Evolution is a process which leads to change within an entity or group of entities over a period of time. Evolution results from some process or processes of variation acting upon the representation of an entity or group of entities. Importantly, an entity can undergo a certain evolutionary change if and only if this change is possible as a result of processes of change acting upon the entity's representation. Evolvability is the capacity for an evolutionary system to evolve in a particular direction; and is determined by the nature of the entity, by the flexibility of the entity's representation, and by the ability of the variation operators to induce appropriate change. Directed evolution, which can lead to evolution carrying out a process of search, can be encouraged within groups of entities through both co-operative and competitive mechanisms.

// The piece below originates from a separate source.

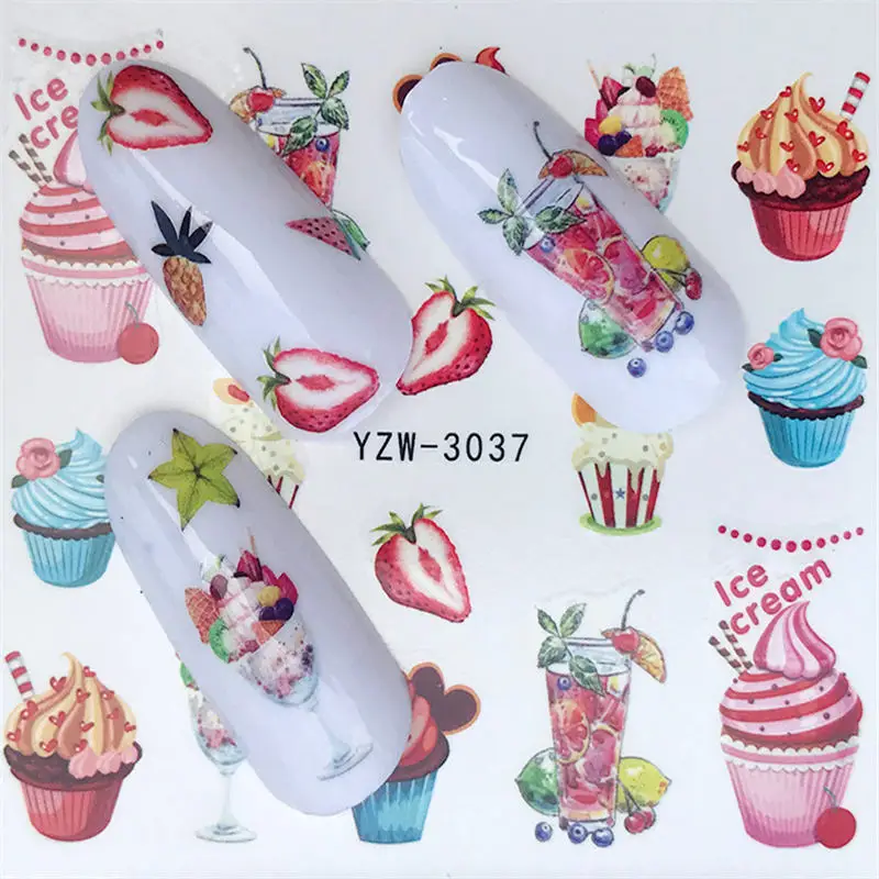 1 лист наклейка для водяного переноса изображения на ноготь наклейки фруктовый крем торт кошка красота дизайны украшения DIY цветные тату наконечники

The interest of the scientific and engineering communities in developing a unified view
of evolution is a recent phenomenon [Nehaniv, 2003]. Nevertheless, there is
considerable commonality between the evolutionary processes which occur in different
kinds of system: and a growing view that lessons learnt from one evolutionary domain
can be applied within other evolutionary domains. The issue of evolvability is
particularly relevant; since an understanding of evolvability is essential in
understanding how best to design and represent artefacts - such as software systems
and engineered products - which are subject to a process of change over time.
Evolvability is also of paramount importance within evolutionary computation systems.
In the past, the choices of representation within evolutionary computation have been
somewhat arbitrary from an evolvability perspective. Typically an evolutionary
computation practitioner will use the form of representation which is most natural or
most common for a given entity; without thinking about whether or not it is evolvable.
In part this is due to a lack of understanding regarding what is and what is not
evolvable. This thesis presents a biologically motivated approach to the development of
an evolvable representation for evolutionary computation: an approach motivated by the
relatively large amount of information concerning evolvability which may be mined from
biological systems. However, this is not the only approach, and it is conceivable that
other, perhaps equally fruitful approaches, could be developed by looking at how
evolution occurs in a much broader range of both natural and artificial systems.